Exercise data:
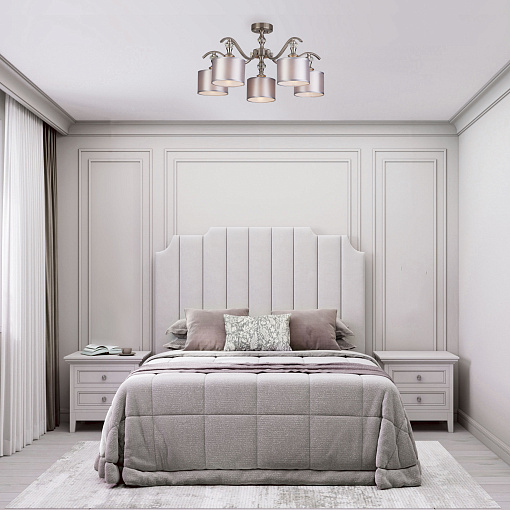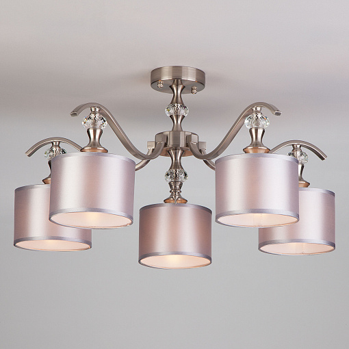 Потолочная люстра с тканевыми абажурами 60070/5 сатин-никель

==

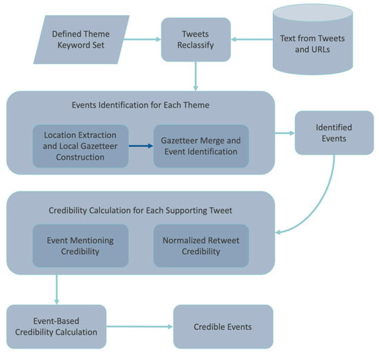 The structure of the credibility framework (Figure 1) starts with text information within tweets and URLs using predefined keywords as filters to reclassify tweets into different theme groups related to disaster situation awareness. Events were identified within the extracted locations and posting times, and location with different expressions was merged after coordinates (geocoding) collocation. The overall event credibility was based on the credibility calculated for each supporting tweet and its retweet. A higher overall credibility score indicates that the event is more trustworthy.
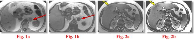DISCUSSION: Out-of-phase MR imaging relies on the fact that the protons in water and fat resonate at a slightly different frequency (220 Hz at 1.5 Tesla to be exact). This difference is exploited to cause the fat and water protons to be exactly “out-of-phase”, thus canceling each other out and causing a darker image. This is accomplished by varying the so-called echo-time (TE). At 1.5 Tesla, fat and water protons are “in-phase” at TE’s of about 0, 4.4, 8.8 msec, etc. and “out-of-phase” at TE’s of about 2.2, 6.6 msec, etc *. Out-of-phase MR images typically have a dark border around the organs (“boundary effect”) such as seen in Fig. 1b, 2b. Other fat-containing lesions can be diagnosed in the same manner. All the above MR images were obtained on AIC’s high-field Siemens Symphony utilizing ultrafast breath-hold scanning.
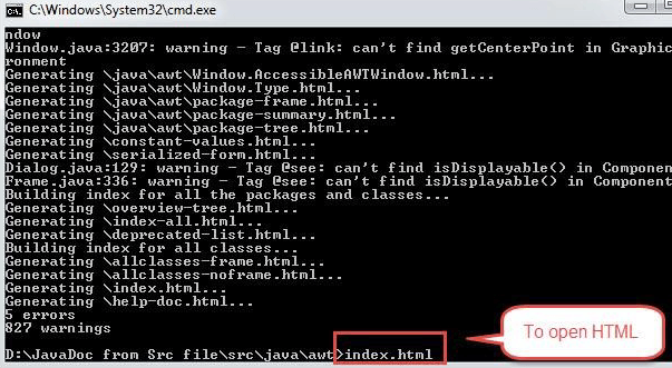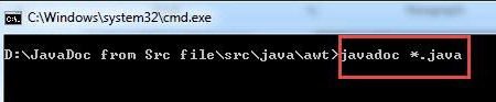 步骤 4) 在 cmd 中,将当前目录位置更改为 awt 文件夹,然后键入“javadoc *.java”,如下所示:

Task brief: Within the data above, repeat exactly the lines from the one bearing "DISCUSSION: Out-of-phase MR" through the one bearing "步骤 4) 在 cmd". Include no pictures and nothing else.

Output for this task:
DISCUSSION: Out-of-phase MR imaging relies on the fact that the protons in water and fat resonate at a slightly different frequency (220 Hz at 1.5 Tesla to be exact). This difference is exploited to cause the fat and water protons to be exactly “out-of-phase”, thus canceling each other out and causing a darker image. This is accomplished by varying the so-called echo-time (TE). At 1.5 Tesla, fat and water protons are “in-phase” at TE’s of about 0, 4.4, 8.8 msec, etc. and “out-of-phase” at TE’s of about 2.2, 6.6 msec, etc *. Out-of-phase MR images typically have a dark border around the organs (“boundary effect”) such as seen in Fig. 1b, 2b. Other fat-containing lesions can be diagnosed in the same manner. All the above MR images were obtained on AIC’s high-field Siemens Symphony utilizing ultrafast breath-hold scanning.
 步骤 4) 在 cmd 中,将当前目录位置更改为 awt 文件夹,然后键入“javadoc *.java”,如下所示:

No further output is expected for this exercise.